Essentially at it’s base core is the gamebook. That’s what we have the license to produce and it’s the major material we have to work with. Where we’re upping our game in this instance is in two major areas which are making it more visually accessible to gamers that like modern-day RPGs and increasing replayability. The way we have done this is by introducing digital miniatures, representations in 3D of the pewter figurines you would use in a table-top RPG or wargame. The digital miniatures can be used to move around a 3D representation of Firetop Mountain that accompanies the gamebook text – very much like a board in a board game or the graph-paper maps you may construct in a tabletop D&D game. What the miniatures also allow us to do is to add replayability by playing with a different miniature each time you enter Firetop Mountain and having a slightly different experience. The motivations of one character for entering the Mountain might be very different to another.
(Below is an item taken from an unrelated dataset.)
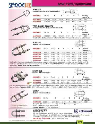 Bow eye has twin shanks to prevent twisting. 1-9/16” inside diameter. 1/2" x 3-1/4" thread length. Up to 12,000 lb. pull. Plated nuts and washers included. When transom- mounted this rugged bow eye can function as a ski tow. Not to be used for lifting. ORDER NO. 103-33921 Mfr. No. 3392-3 (Skin Pack)

The last adaptation of yours I played was Starship Traveller; it was a great game and worked well as a text adventure, and was really nice to have to hand on my phone when I needed it. Is it a difficult job to make the adaptation, and are you ever tempted to change things around to confuse veteran gamers?
It’s actually very difficult. In the case of ST we pulled out a whole load of stuff that felt unnecessary in a modern adaptation and inserted in more customisation over your crew. By doing this we were able to add in more complexity and choice at not just a narrative level but at a game/sim level. ST in many ways is closer to games like FTL or Out There than many people think.
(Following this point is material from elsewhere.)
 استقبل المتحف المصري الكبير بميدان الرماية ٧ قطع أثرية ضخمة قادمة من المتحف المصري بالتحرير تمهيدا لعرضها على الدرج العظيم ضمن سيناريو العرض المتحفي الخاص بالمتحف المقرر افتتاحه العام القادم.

Do you have any plans to release any other gamebook adaptations?
We’re actually slowing down on the gamebook adaptations and looking at other properties. However, we have begun work on Grailquest, which we’re really excited about!
Your catalogue isn't just Fighting Fantasy gamebooks - you've got Warhammer and Dredd, as well, amongst others. Anything else on the horizon? What else can we look forward to from Tin man Games?
We have a few things ongoing. We’ll be looking to continue and expand our free-to-play subscription based game, Choices: And The Sun Went Out. We’re also working on a choice-based visual novel based on the Miss Fisher’s Murder Mysteries TV show, which is currently looking amazing!